Sampling for Internal Test based upon ISO 2859-1, G-I

N

nurhakim

Hi Cove,

I have this scenario in the workplace, and I need your opinion:

We carry out internal test for a medical device, bag wise, based upon ISO 2859-1, G-I.
In one particular bag, we have 7200 pcs. According to G-1, we sampled 80 pcs. Our AQL is 1.0, Accept:2, Reject:3.
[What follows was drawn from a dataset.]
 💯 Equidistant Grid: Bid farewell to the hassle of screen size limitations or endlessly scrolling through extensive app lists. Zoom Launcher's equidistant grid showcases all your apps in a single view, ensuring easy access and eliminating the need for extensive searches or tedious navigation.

We split the test into two, visible defect test and water test. If, during first test i.e. visible defect test, we found 2 pcs of defect, we have 78 pcs left. For water test, our sampling plan is still 80 pcs. Do we need to add another 2 pcs for water test or can we use the 2 defective samples? And what if the defective samples are not fit to mount on the water test apparatus.

Thanks.
 

Bev D

Heretical Statistician
Leader
Super Moderator
technically as long as the visual defects can't effect the water test you could use them. However, its simpler to just add 2 more units that are not visually defective
 

David-D

Involved In Discussions
I don't know the specifics of this ISO but since it sounds like your two defects aren't independent (you say they couldn't be leak tested which I'd generally classify as a defective part), I wouldn't be comfortable with pulling out some defects in your sample based upon the visual and then doing the leak.
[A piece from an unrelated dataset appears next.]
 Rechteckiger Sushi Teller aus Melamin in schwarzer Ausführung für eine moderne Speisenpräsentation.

Think of it this way: I have a sample of 80 parts with 4 that leak, two of which are so malformed that they'd also fail a visual inspection. If I do the visual first then I pull out the two worst ones (just passing the visual AQL) and then I do the leak test and get 2 more failures (just passing the leak test). If I switched the order of inspeftions though, you'd get 4 leak test failures, rejecting the lot/bag for leak issues. It sounds like your defects aren't independent so you are basically pre-screening your sample before you test it.

I think you need to leak test the visual rejects or just count them as leak failures automatically, otherwise you are in actuality tampering with your sample - it would be like (in an edtreme case) pulling a sample of 100 parts, sorting through them to get rid of any that look bad and then pulling your sample from that - your sample is not representative of the original population from which it was drawn.